Avec une telle force, l’enjeu serait surtout de permettre aux Etats européens de mutualiser leurs dépenses en termes d’achats d’équipements, mais aussi de logistique et de maintenance. « La mutualisation pourrait également porter sur l’entraînement des hommes. Si les militaires européens disposent des mêmes équipements et des mêmes formations, ils pourront effectivement travailler ensemble », précise Thomas Pellerin-Carlin. Et s’épargner bien des difficultés, comme en Afghanistan, où Italiens et Français ne pouvaient par exemple communiquer entre eux qu’à travers des outils… américains.

En outre, les premières coopérations mises en place entre certains pays européens, notamment dans l’aviation, ont permis de réaliser environ 30 % d’économies.
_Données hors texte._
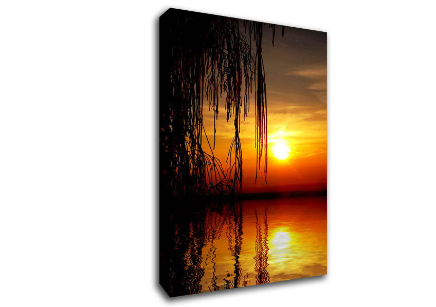 Sun Split Lake Canvas Print handmade in the UK. Stretched over a 2 inch thick wooden box frame, ready to hang on your wall.

Ce qui est loin d’être négligeable alors que les budgets Défense des Etats ne cessent de stagner ou de se réduire, à l’exception notable de celui de la Pologne.

Des échéances électorales capitales

Enfin, au lieu de bloquer les discussions, les échéances électorales de 2017 – aussi bien en Allemagne avec les législatives qu’en France avec la présidentielle – devraient accélérer les décisions. « Hollande comme Merkel ont besoin de rassurer leurs peuples après les attentats et de leur prouver que l’Union européenne fait la force », analyse Thomas Pellerin-Carlin. Les annonces fermes ne tomberont toutefois pas ce lundi : le mini-sommet vise seulement à préparer celui des 27, programmé le 16 septembre à Bratislava (Slovaquie).

La nécessité de (re) construire l’Europe de la défense se fait d’autant plus pressante qu’une autre élection approche : celle du futur président des Etats-Unis, prévue le 8 novembre. Si Donald Trump est élu, il pourrait bien appliquer ses promesses. Comme celle de ne pas venir en aide aux pays européens qui ne seraient pas à jour de leurs paiements à l’Otan. Une annonce qui ne manque pas d’effrayer les pays de l’Est, alors que la Russie intensifie sa présence aux frontières ukrainiennes.